Mass shooting suspect James Holmes failed
oral exams, made unspecified threats and was banned from the University of
Colorado campus where he was studying just weeks before he went on a rampage at
a midnight movie premiere, prosecutors say.
Prosecutors say Holmes' academic records,
application and grades, which they haven't yet seen, will show the neuroscience
student's state of mind in the weeks before the July 20 assault in the crowded
theater that left 12 dead and 58 injured.
"The fact that he took and failed his
oral board on June 7 is very much relevant to what happened after,"

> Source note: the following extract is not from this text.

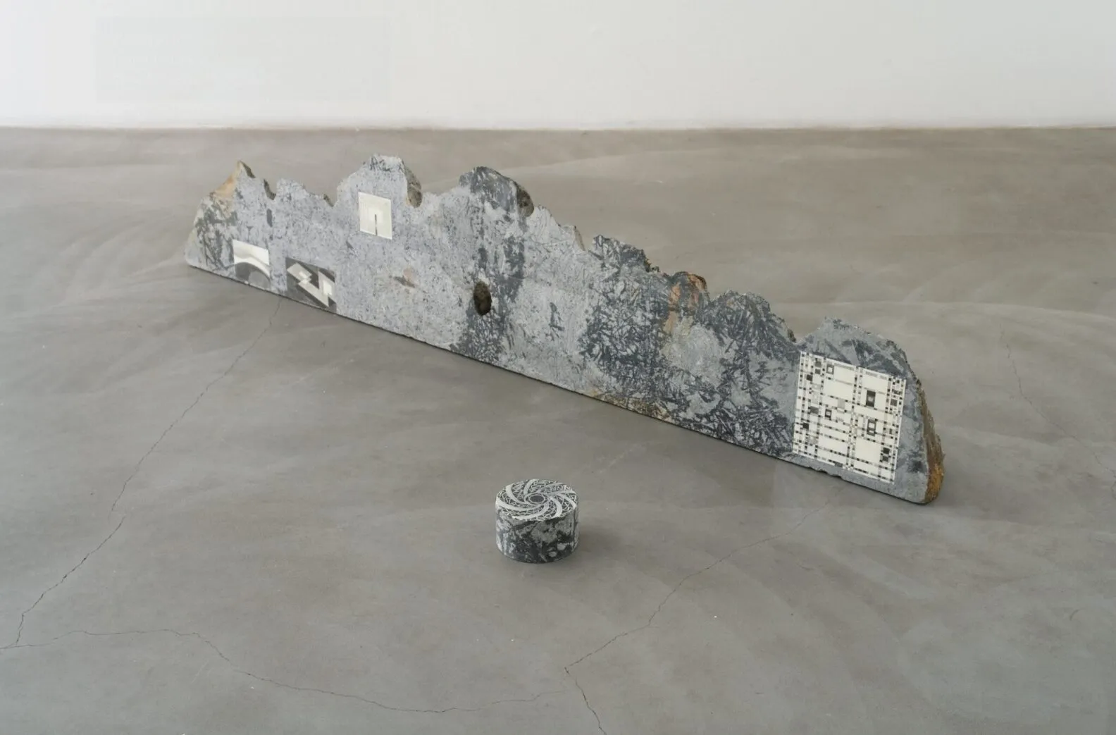 Kenetti invited ten artists to the exhibition, each of whom has been given their own room/space. This allows the entire exhibition to be perceived as a series of individual showcases. At the same time, it creates an intriguing network of connections where each exhibition contributes to the whole, forming a tapestry in which different artistic approaches, techniques, and thematic aspirations resonate with one another. Elements such as the abstract nature of the works and the black-and-white palette, as well as deviations from these norms, recur throughout the spaces. This weaves a visual narrative and contributes to the overall experience. What’s more, it is evident that the architecture of the hospital building permeates this visual encounter.

prosecutor Karen Pearson argued to Judge William B. Sylvester on Thursday
afternoon at Arapahoe District Court.
Holmes, 24, who sat quietly in court
twiddling his thumbs and steepling his manacled hands, still has red-orange
hair, but with heavy sideburns and mustache growing in. Pearson did not
elaborate on the threats received by university officials or why they had
revoked Holmes’ campus access and ID.
Defense attorney Daniel King called
prosecutors' efforts a "fishing expedition." King in a prior court
hearing called Holmes "mentally ill" and appears to be laying the
groundwork for an insanity defense.
King added Thursday: "It's irrelevant
what the motive is."
Sylvester took the arguments under
advisement following the 40-minute hearing.
Arapahoe County District Attorney Carol
Chambers has charged Holmes with 142 criminal counts, including 24 counts of
murder. Holmes, who has not yet entered a plea, faces 12 counts of premeditated
murder and 12 counts of murder with malice and extreme indifference to human
life.
Next Thursday, attorneys will argue whether
interactions between Holmes, a doctoral student, and university psychiatrist
Dr. Lynne Fenton are protected under doctor-patient confidentiality laws.